The Ridge had three entries in the AAHSFF that were nominated for awards; Travel Video, Highlight Video, and the Public Service Announcement (PSA). Thousands of films from students all over the country are entered in the competition and only the top five are nominated. Beth Bagley and Maya Radmall, 2019 graduates of Skyridge High School, won Best in the Nation for their PSA, “Never Forget How to Love.” The one-and-a-half-minute film assures teens that it’s okay to feel sad and to be discouraged, if they reach out and ask for help. “Don’t lie when someone asks you how you are. Be real, be honest,” the voiceover encourages.

Bagley and Radmall’s PSA was also nominated for a Spark Award at the festival, an award for films that “spark” conversation. “That film was the culmination of their year. They struggled all year long and made horrible videos in the beginning. Then they had this idea, but it was the last week of school and they didn’t think they had time. It ended up costing $50 to hand it in late, but I split the late fee with the girls so they could hand it in. I knew they were going to win when I saw it on the big screen at the festival,” said Zac Durrant, the TV Broadcast, Video Production, and advisor for The Ridge.

During the week-long festival, students were challenged to make and edit films in just two or three days, an eye-opening experience for most of the high school kids. “New York City is the perfect location to create content with other teenagers who love filmmaking. There’s so much culture and diversity there and the urban aesthetic is so cool. There’s such a range of things to film,” said Jacob Willford. “I love going to New York because we get to experience real-world filmmaking, it’s not just something we’re doing with the school,” said Audrey Anderson, a senior at SHS who has been to the festival the last three years.
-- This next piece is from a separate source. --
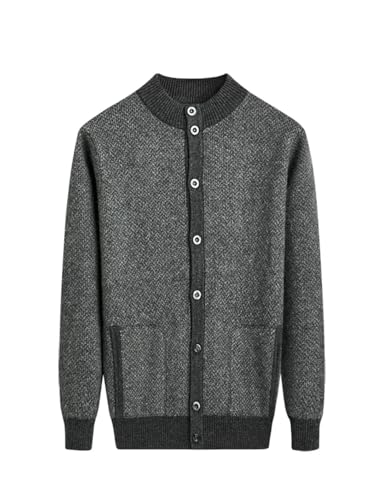 Vsadsau Men Wool Cardigan Sweater Large Buttons Casual Sweater Stand Collar Knitted Thick Jumpers 7

“New York was such a cool experience. The chaos of making a film in two days and all of us being together was amazing,” said Allie Robinson. Robinson participated in a one-day editing challenging where she was alone in a room editing a film for eight hours straight. “It was a lot of fun, but it was stressful in the moment,” said Robinson.

“Although we didn’t win anything, it was an amazing experience. We saw people from all over the world and learned new techniques and tricks we’d never seen before. I felt right at home with them. It was just a great senior trip,” said Nathan Griffin, a senior at Skyridge. Griffin was on the team that competed in the two-day “Claustrophobic Challenge,” making and editing a film in two days. “It sounds super cliché, but that moment when a student gets it and they’re excited about what they’ve made, it makes everything worth it,” said Durrant.